The best practice approach to administering the HCSO Employee Voluntary Waiver Form:
- Provide the HCSO Employee Voluntary Waiver Form to new hires if they waive the employer’s group health plan.
- Provide the new HCSO Employee Voluntary Waiver Form annually at open enrollment for employees who waive the employer’s group health plan (per above, the form must be renewed annually to remain effective).
- If the HCSO Employee Voluntary Waiver Form will be provided electronically, follow the new electronic distribution rules above.
Employers must make quarterly contributions to the City Option (generally routed to an MRA) for any employees who waive the employer’s group health plan but do not complete the HCSO Employee Voluntary Waiver Form (and for whom no other exemption applies).
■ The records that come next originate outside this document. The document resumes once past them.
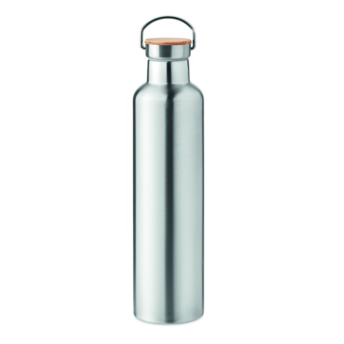Termos din oțel inoxidabil cu perete dublu, cu capac din bambus și mâner de transport. Capacitate: 1 l. Bambusul este un produs natural, în consecință pot apărea diferențe de culoare, dimensiune sau desen.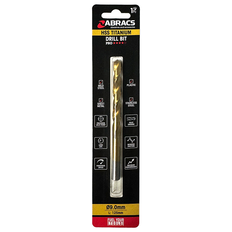 The ABRACS® HSS Titanium Drill Bit 1.0mm pack includes two precision ground drill bits designed for high performance. The titanium coating reduces friction and extends the lifespan by up to three times compared to standard HSS drill bits. They are suitable for drilling wood, metal, plastic, and other construction materials. A split point cutting head ensures precision, accuracy, and improved drilling speeds.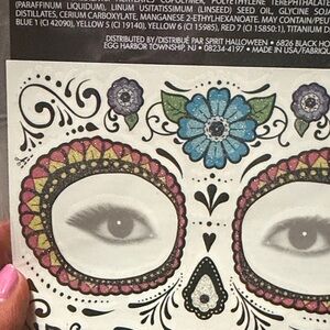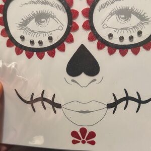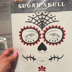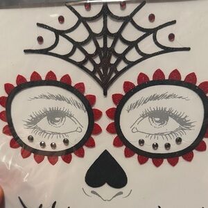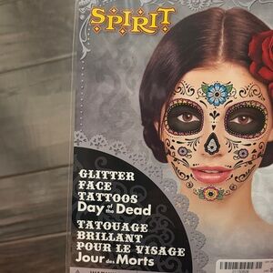 Create a vibrant sugar skull look with Spirit's glitter face tattoos. Features bold black, red, and blue designs. Easy to apply and remove.
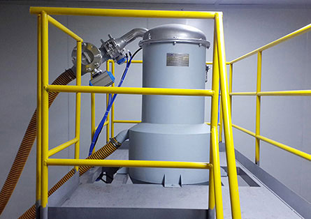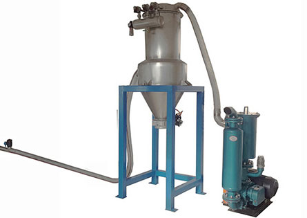 負壓稀相氣力輸送系統啟動時,存放容積內的物料經回轉鎖氣供料閥的定量供給,在管路內與羅茨真空泵產生的負壓氣流相混合后得到加速,固氣二相流在輸送管內用成較穩定的流態并被提升至遠處的一體式過濾分離器中,氣流與物料的混合體在進入到旋風分離器壁后被強制改變運行軌跡,由于固體物料的密度比氣體的密度大得多,因而產生了很高的高心力,使得物料在進入筒壁后失去了直線運動的速度,在重力作用下落入旋風分離器的錐體部,再通過錐體部的回轉鎖氣卸料閥因均勻給料至下游的生產設備,負壓稀相系統的動力源采用羅茨真空泵,氣體可以為過濾后的大氣或經過干燥凈化處理的氣體。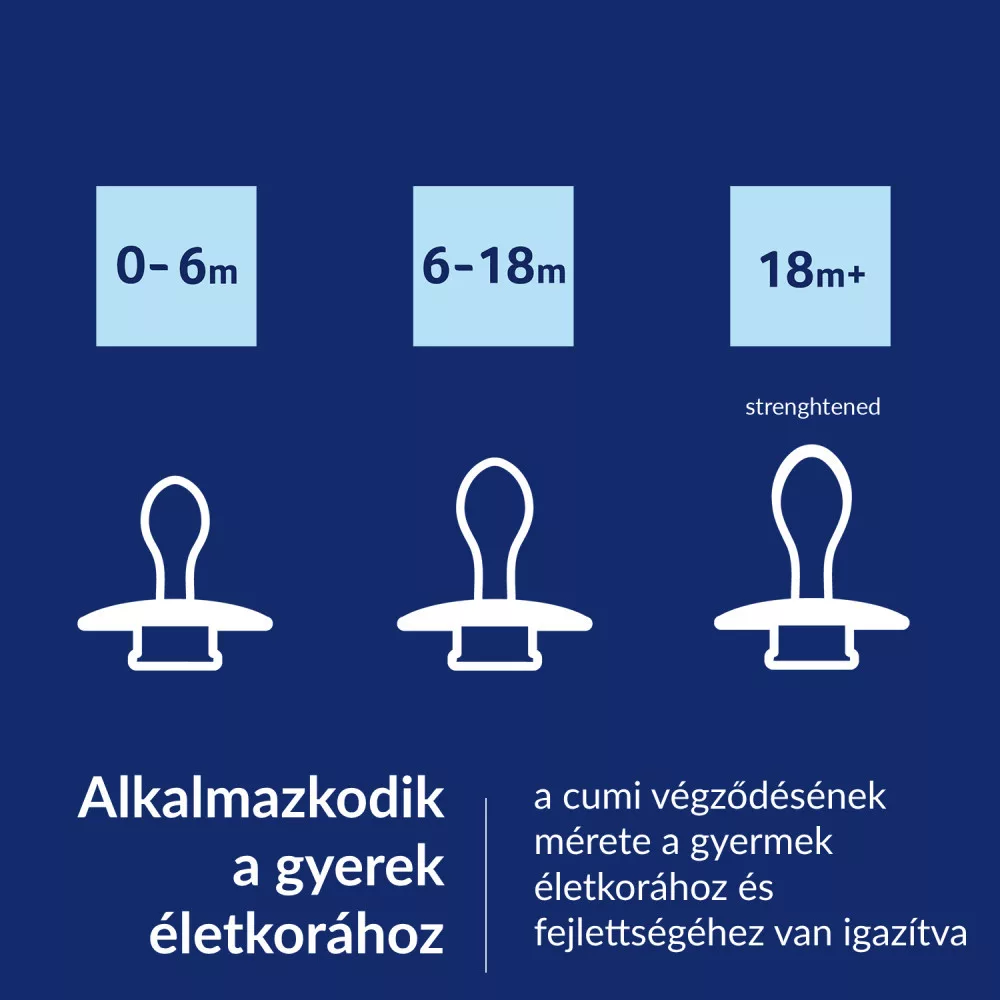 A cumikat minden használat előtt alaposan ellenőrizni kell. Minden irányban meg kell húzni. Az első károsodás vagy anyaggyengülés jeleinél a terméket ki kell dobni. Csak speciális szalagot vagy láncot szabad használni, amelyeket az EN 12586 szerint teszteltek. Más szalagok vagy zsinórok használata fulladást okozhat. A cumit ne tegye ki közvetlen napfénynek vagy hőforrás közelébe. A sterilizáló oldatban való tartás ideje ne haladja meg az ajánlott időt, mert az károsíthatja a cumit. A használati útmutatót meg kell őrizni, mert fontos információkat tartalmaz. A tételkód a csomagoláson található.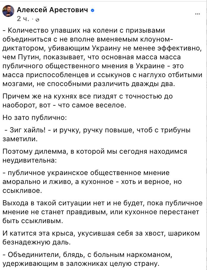 Арестович заявив, що заклики блогерів, підконтрольних Офісу президента, об'єднуватися навколо Зеленського виглядають "аморально та брехливо", оскільки Зеленський "вбиває Україну не менш ефективно, ніж Путін".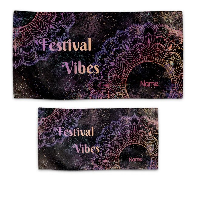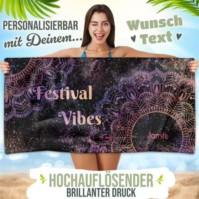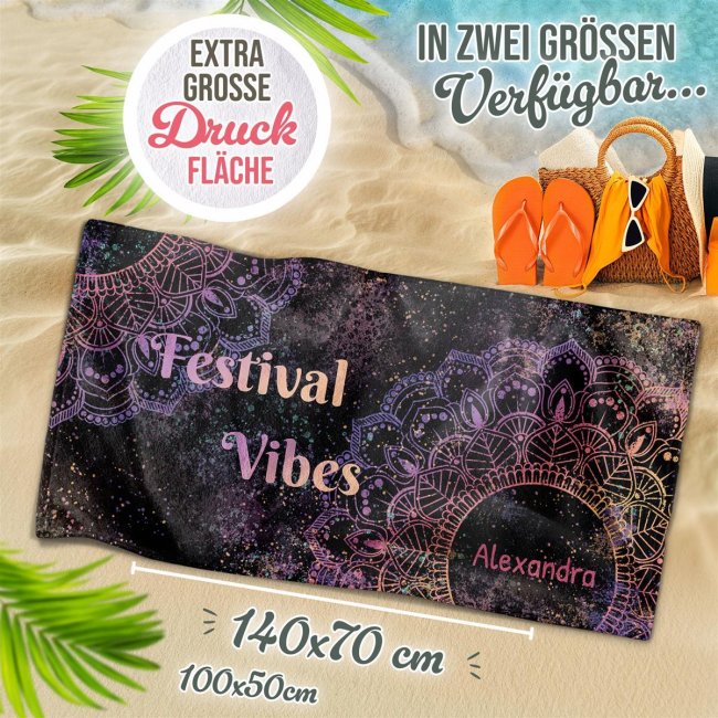 Sommerzeit ist Festivalzeit! Mit unserem Badehandtuch mit dem Aufdruck - Festival Vibes - zeigst du wer hier richtig rockt! Das Strandtuch wird mit deinem Wunschname oder Wunschtext bedruckt. Mit dem personalisierten Badetuch weiß jeder wer die beste Festival-Crew auf dem Festival ist. Dieses Strandtuch, ist auf jeden Fall der Hingucker bei jedem Konzert, im Sommer-Urlaub oder auch im Fitnessstudio oder Sauna. Auch als Geschenkidee für Freunde zum Geburtstag ideal. In unserem Designer kannst du dein individuelles Fotohandtuch kinderleicht gestalten -Probiere es doch mal aus!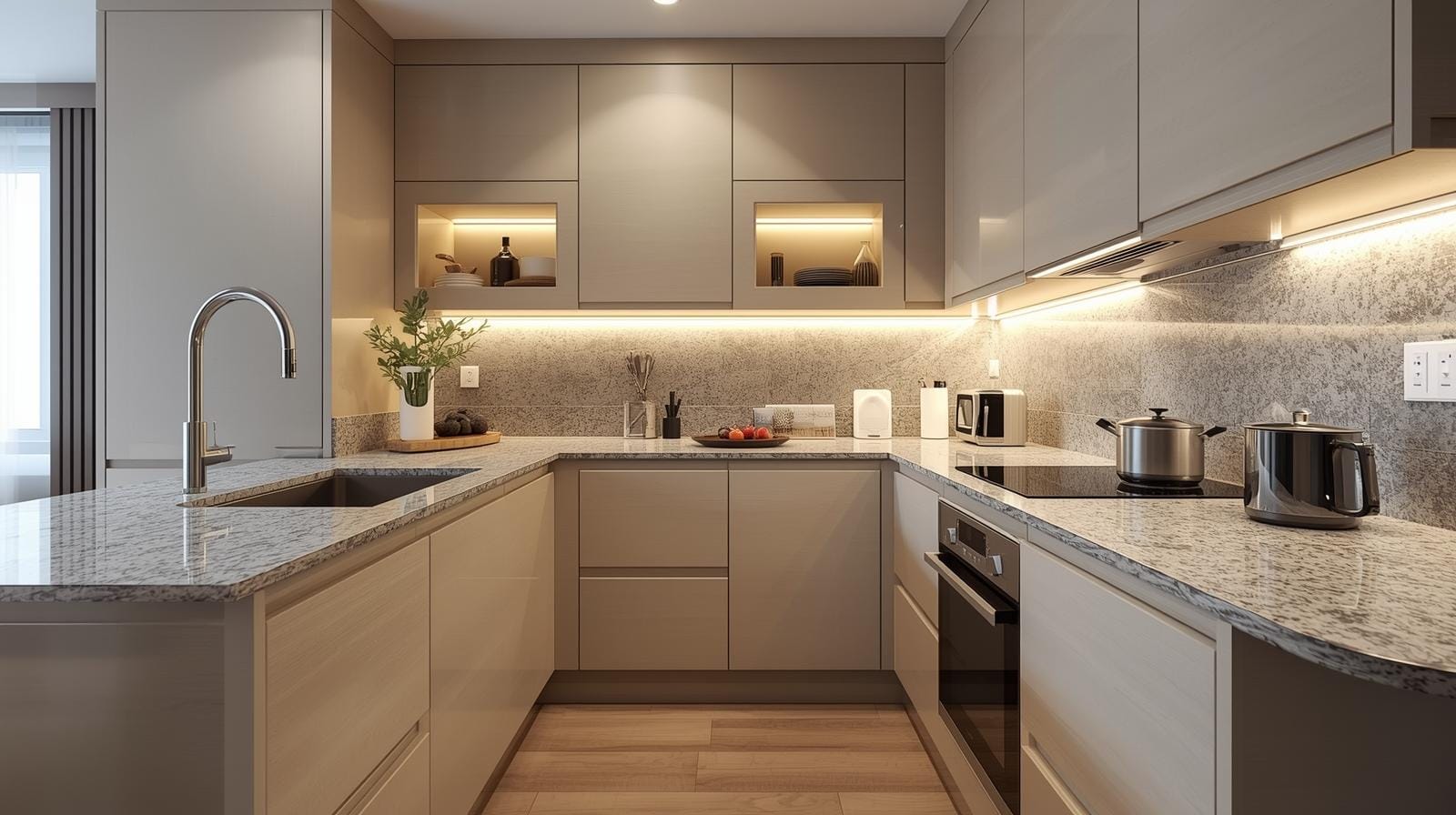 Tủ bếp chữ U: Dành cho căn hộ rộng hơn, tạo không gian bếp chuyên nghiệp.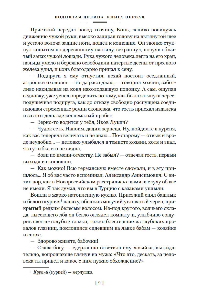 Михаила Александровича Шолохова многие поколения читателей знают как автора всенародно любимого романа “Тихий Дон”, сборника “Донских рассказов” и таких произведений, как “Они сражались за Родину”, “Судьба человека”, “Поднятая целина”. В 1965 году писателю была присуждена Нобелевская премия по литературе “за художественную силу и цельность эпоса о донском казачестве в переломное для России время”. В романе “Поднятая целина” рассказана история установления советской власти в суровых донских краях. Яркими, драматичными красками Шолохов изобразил в нем переломный момент истории нашей страны, когда обращались в прах многовековые устои и традиции, уступая место новым порядкам. Увлекательный сюжет, неоднозначные характеры, историческая достоверность (Шолохов сам был свидетелем многих событий, описанных в книге) позволяют роману “Поднятая целина” оставаться в числе самых известных произведений советской литературы.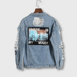 Inspired by Jin from BTS, this jacket will give you guaranteed hype among your friends who are fans of the group. This jacket features faded blue denim with the inscription "Where is My Mind?" on the back.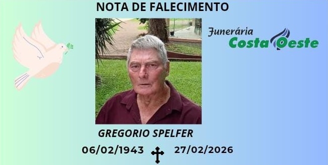 A Funerária Costa Oeste comunica o falecimento de Gregorio Spelfer, ocorrido nesta sexta-feira, 27 de fevereiro de 2026, aos 83 anos de idade.
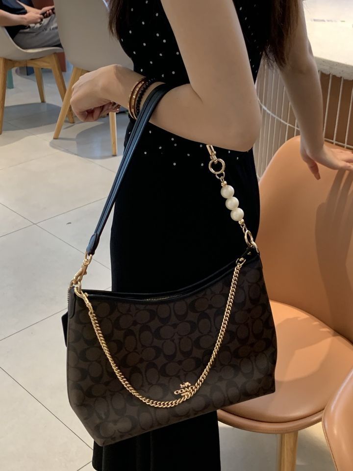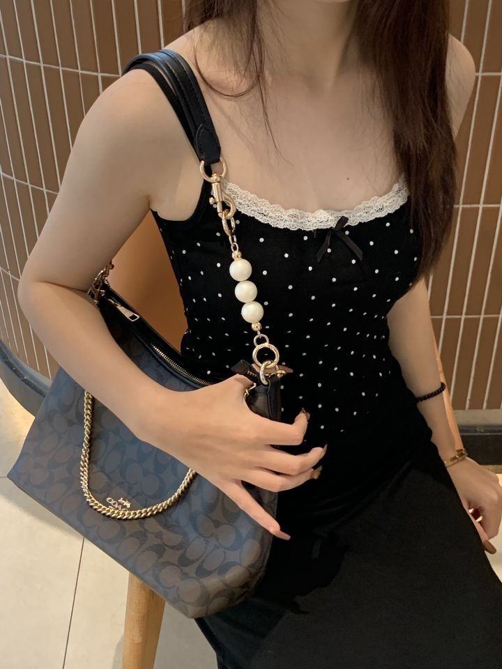 原肩带过短,使用起来很不方便。幸好我发现了神奇的直金珍珠和装饰链小狗扣。它们让包包瞬间变得可以腋下背,时尚感爆棚,实用性也大大提升。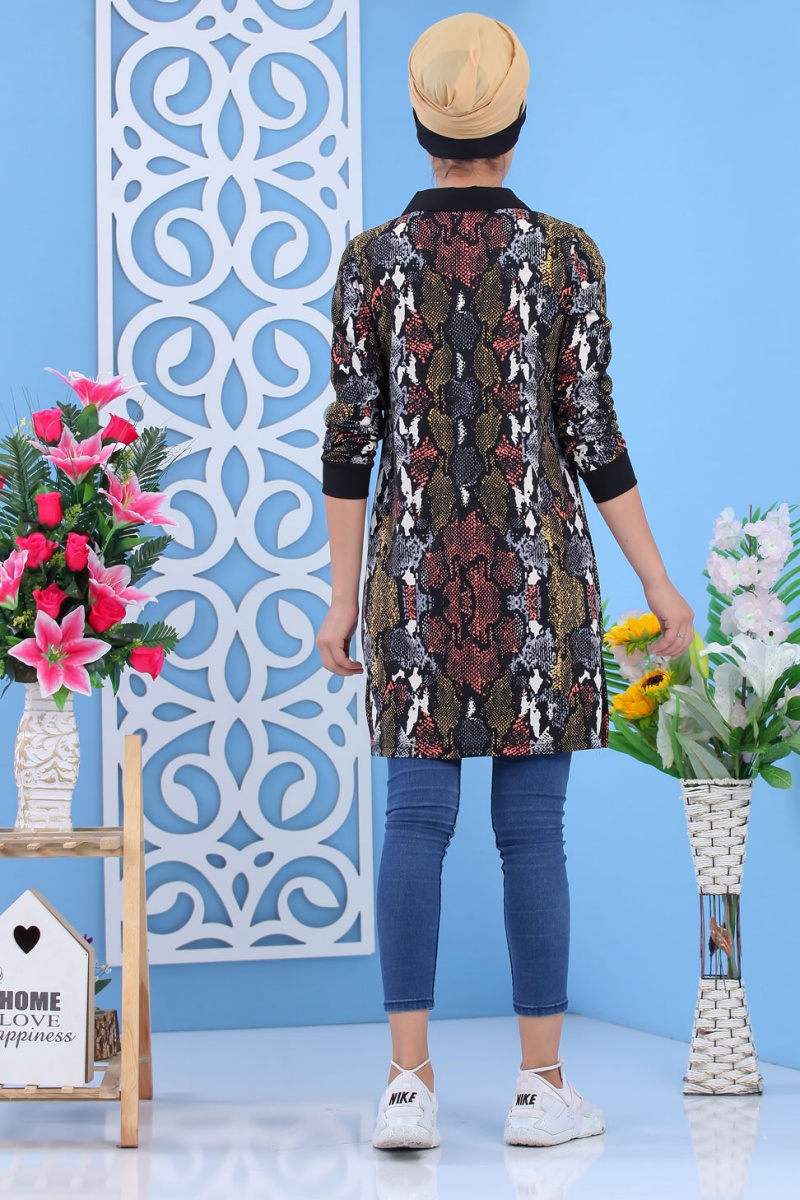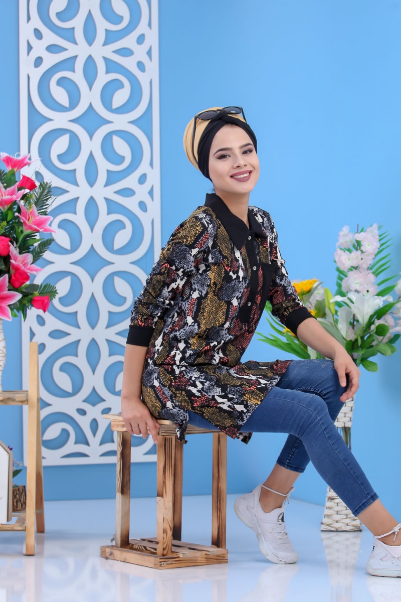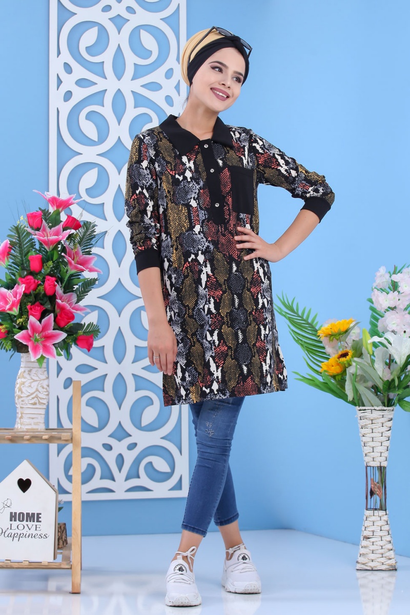 Tunique decontractee a imprimes python et parties noires pour femme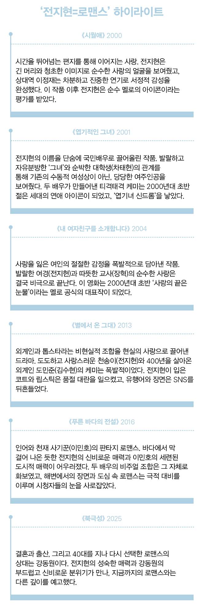 결혼과 출산 이후에도 달라지지 않은 건 바로 전지현의 로맨스 아이콘으로서의 위치였다. 오히려 시간이 쌓이며 만들어진 성숙함이 그녀의 연기에 깊이를 더했다. 나이와 상황은 변했지만, 여전히 전지현은 관객과 시청자를 설레게 하는 한국 로맨스의 얼굴이다.

Contributions are due within 30 days of the end of the preceding quarter.
Disclaimer: The intent of this analysis is to provide the recipient with general information regarding the status of, and/or potential concerns related to, the recipient’s current employee benefits issues. This analysis does not necessarily fully address the recipient’s specific issue, and it should not be construed as, nor is it intended to provide, legal advice. Furthermore, this message does not establish an attorney-client relationship. Questions regarding specific issues should be addressed to the person(s) who provide legal advice to the recipient regarding employee benefits issues (e.g., the recipient’s general counsel or an attorney hired by the recipient who specializes in employee benefits law).